_Data under study:_

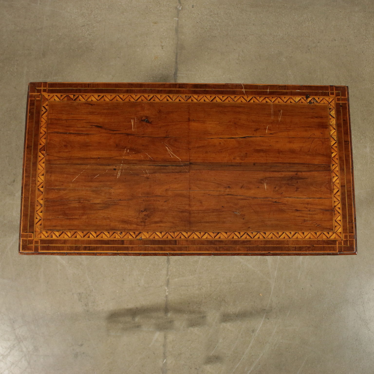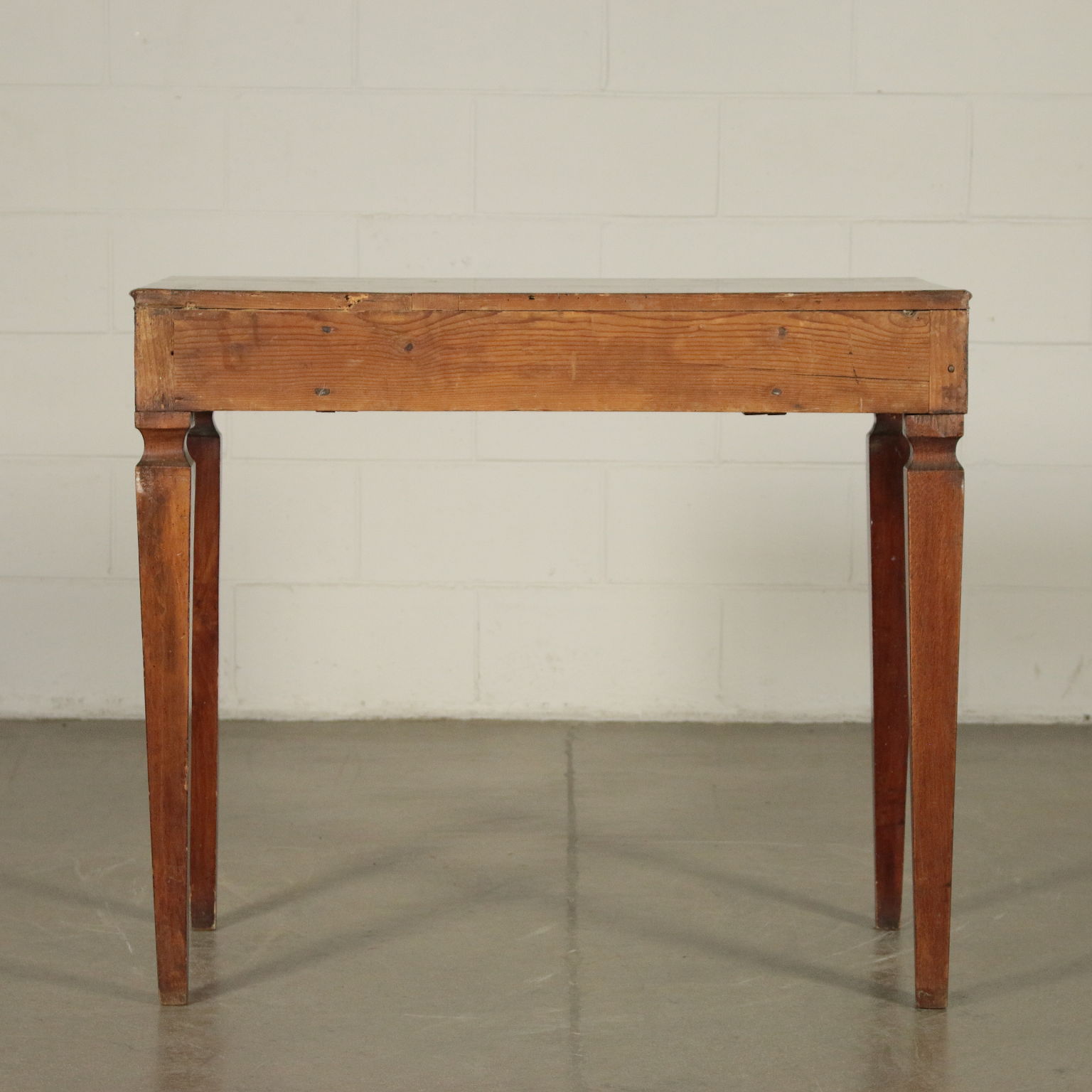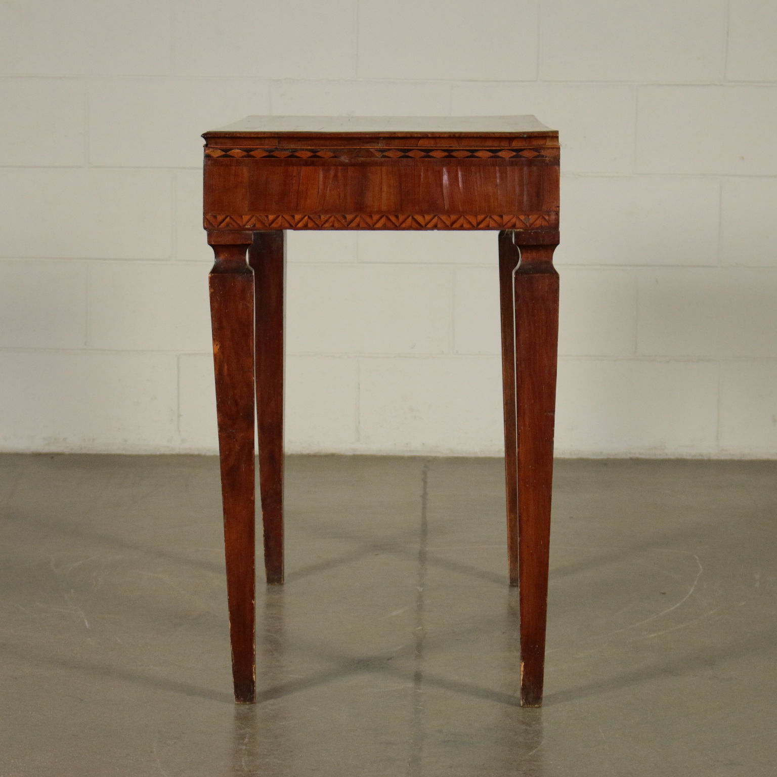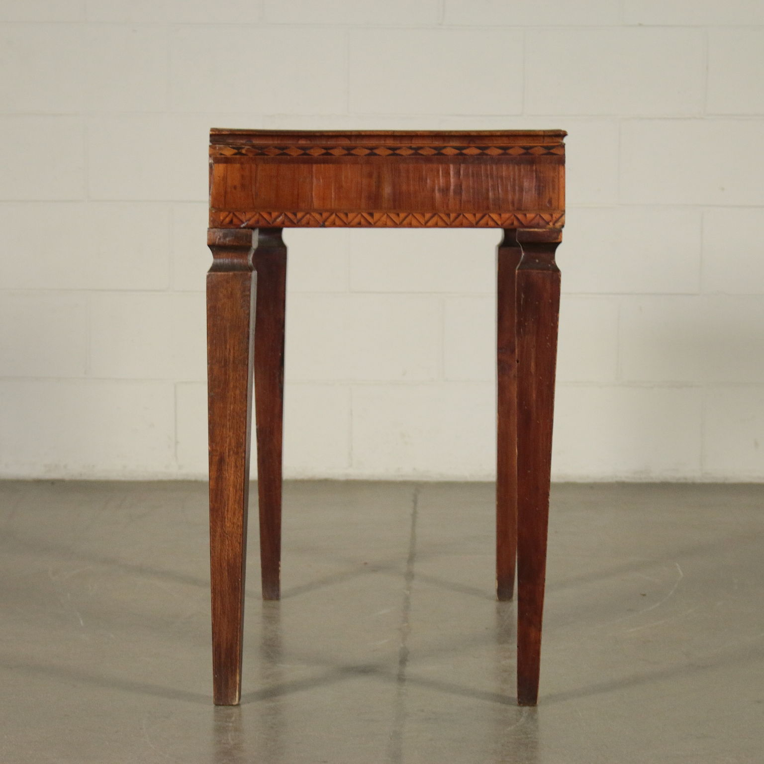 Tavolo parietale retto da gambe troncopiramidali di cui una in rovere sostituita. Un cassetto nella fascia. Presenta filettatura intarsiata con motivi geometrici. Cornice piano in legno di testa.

==

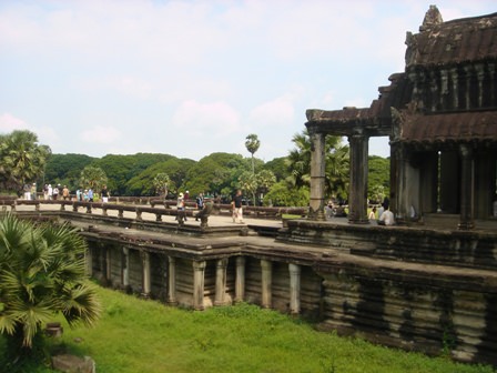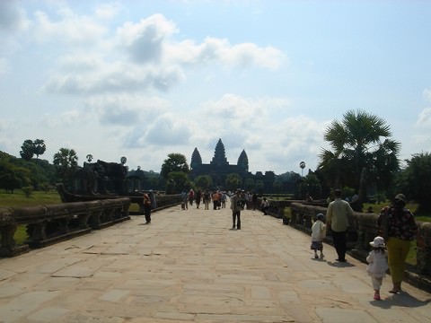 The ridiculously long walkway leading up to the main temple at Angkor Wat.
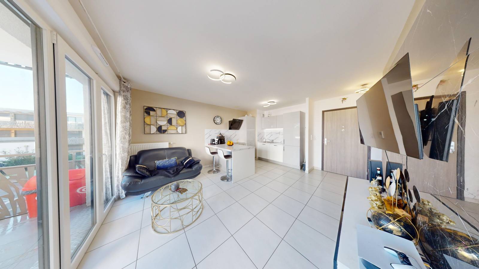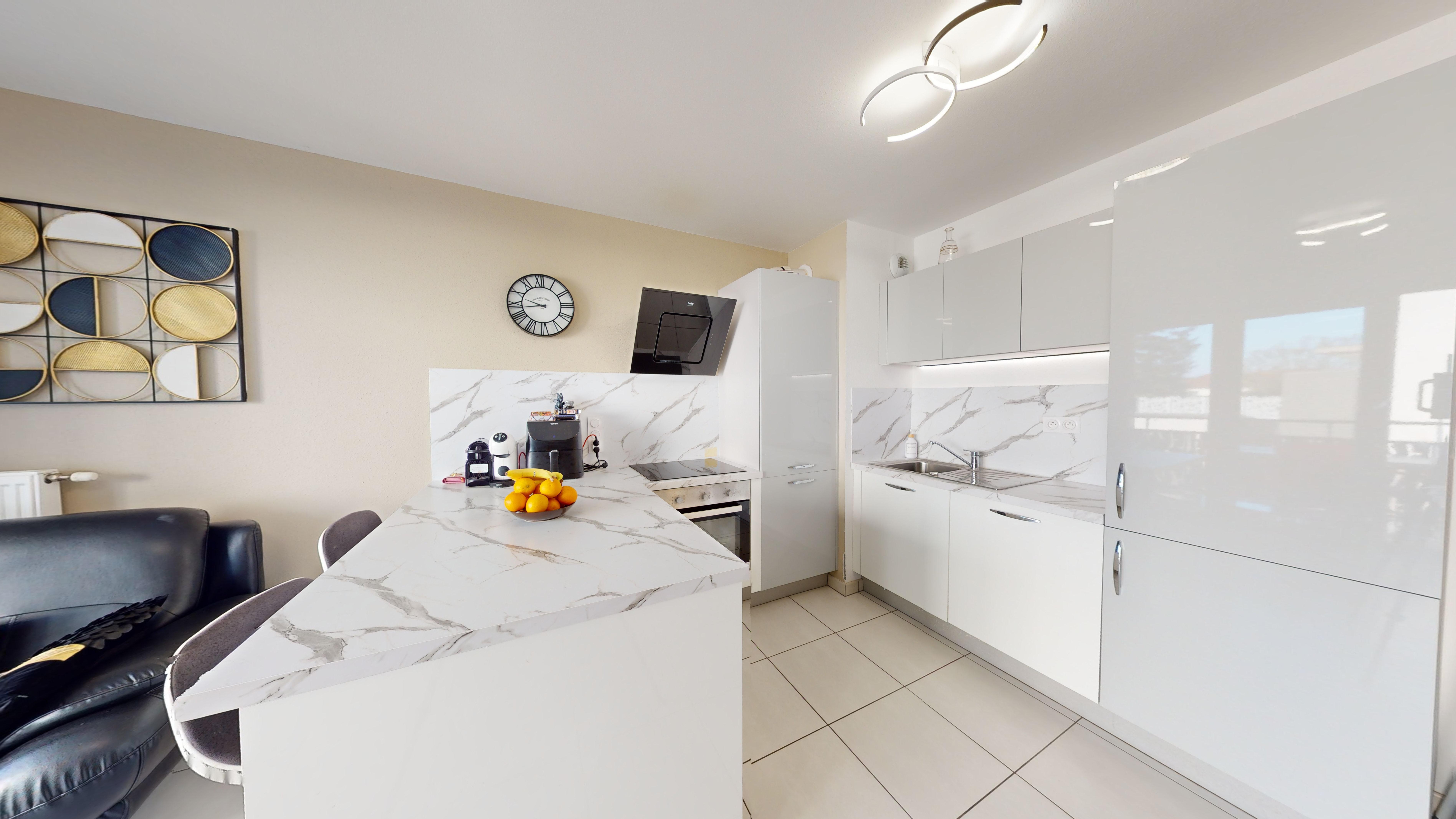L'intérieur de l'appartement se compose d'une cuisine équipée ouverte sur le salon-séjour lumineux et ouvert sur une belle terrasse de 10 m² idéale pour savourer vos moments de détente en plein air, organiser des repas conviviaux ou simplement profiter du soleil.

_Exercise brief:_ Beginning with the line above that contains "The ridiculously long" and finishing with the line that contains "L'intérieur de l'appartement", print those lines exactly and only. Skip all pictures.

_Problem solution:_
 The ridiculously long walkway leading up to the main temple at Angkor Wat.
L'intérieur de l'appartement se compose d'une cuisine équipée ouverte sur le salon-séjour lumineux et ouvert sur une belle terrasse de 10 m² idéale pour savourer vos moments de détente en plein air, organiser des repas conviviaux ou simplement profiter du soleil.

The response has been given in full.